Every year, the president releases his tax returns, so there is little mystery about the extent of his contributions to charity.
In 2010, for instance, the president’s taxable income was a little over $1.7 million, much of it from book sales. Line 19 of his itemized deductions shows that he gave $245,075 in gifts to charity.
That would be a rate of more than 14 percent, easily meeting Huckabee’s standard of a “dime out of a dollar.”
In 2009, the president’s taxable income was about $5.5 million. He listed $329,100 in charitable contributions on his tax return and also directed the Nobel Prize Committee to give his $1.4 million prize directly to 10 charities (which meant he could not take a tax deduction for donating the prize).
This adds up to a rate of 31.4 percent of taxable income, again easily surpassing Huckabee’s standard. (Update: a reader correctly notes the percentage would be 25.1 percent if you added Obama’s Nobel Prize money to his taxable income.)
So, what’s going on here? A Huckabee spokesman did not respond to a query, but the best we can determine is that Huckabee is referring to Obama’s long-ago tax returns.
When then-presidential candidate Obama released his tax returns during the 2008 campaign, it was revealed that he began making significant gifts to charity after he started making serious money from his books — and after he decided to run for president.

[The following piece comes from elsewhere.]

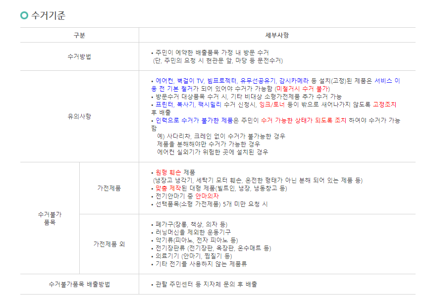 방법은 포탈에서 폐가전제품 배출예약시스템 이라고 검색하면 해당 사이트가 나옵니다. 전국어디든지 이용이 가능한 사이트 이며 앱 및 모바일을 통해서도 등록이 가능한 서비스 입니다. 콜센터 운영시간으로는 평일 08 ~ 18시까지 이며 휴무일은 공무원 휴일은 전부 쉰다고 생각하시면 됩니다. 수거차량은 콜센터와 동일한 운영시간이며 휴무는 토요일 빼고 모든 휴일들은 쉽니다. 수거 품목으로는 단일수거, 세트품목, 다량배출품목이 있으며 수거를 진행할 때 큰 가전제품은 1개면 되지만 작은 가전제품 휴대폰, 마우스, 키보드, 모니터 같은 것들은 최소 3개 이상은 수거 품목에 등록해야 수거를 해간다고 합니다. 좀더 자세한 내용은 사이트를 통해서 진행하시기 바랍니다. 그리고 저도 이용을 해보았는데 수거 등록하고 수거날 밖에 미리 내놓으면 알아서 수거해갑니다. 물론 잘 정리해서 내놔야 합니다.

Here’s what the numbers look like:
2005: $77,315 to charity out of income of $1.66 million (4.6 percent)
2004: $2,500 out of $207,647 (1.2 percent)
2003: $3,400 out of $238,327 (1.4 percent)
2002: $1,050 out of $259,394 (0.4 percent)
The disparity between income and charitable contributions in 2002 is striking—less than half a penny on the dollar.
But that was 10 years ago. And whatever one may think of Obama’s motivation to give to charity now that his tax returns are public, the fact remains that he gives a substantial chunk of his income to charity.
Incidentally, since Huckabee said all candidates should be scrutinized for how much they donate to charity, the San Antonio Express-News reported that former Texas governor (and ex-GOP primary candidate) Rick Perry was rather parsimonious, giving just one-half of one percent to churches and religious organizations. (On average, Americans give about 1.2 percent, the newspaper said.) And former House speaker Newt Gingrich’s return shows a rate of 2.6 percent of taxable income given to charity. (Rick Santorum and Ron Paul have not yet released their tax returns.)
UPDATE: Santorum released his tax returns, showing that in 2010 he gave 1.7 percent ($16,289) of his taxable income of $923,411 to charity.
Former Massachusetts governor Mitt Romney meets Huckabee’s test. His 2010 tax return shows that he contributed nearly $3 million to charitable causes out of taxable income of $21.6 million. That’s 13.8 percent, just about equal to Obama’s percentage in that year. (For more information, see The Washington Post’s side-by-side comparison of the Obama, Romney and Gingrich 2010 tax returns.)
The Pinocchio Test
Huckabee would have been on more solid ground if he had focused on Obama’s contribution record before he became a U.S. senator and presidential candidate.
But Huckabee framed his comment in the here and now, referring to “Mr. President.” Obama’s contributions to charity once may have been relatively small, but today they are actually substantial--and equal to the percentage given by the front-runner for the GOP nomination.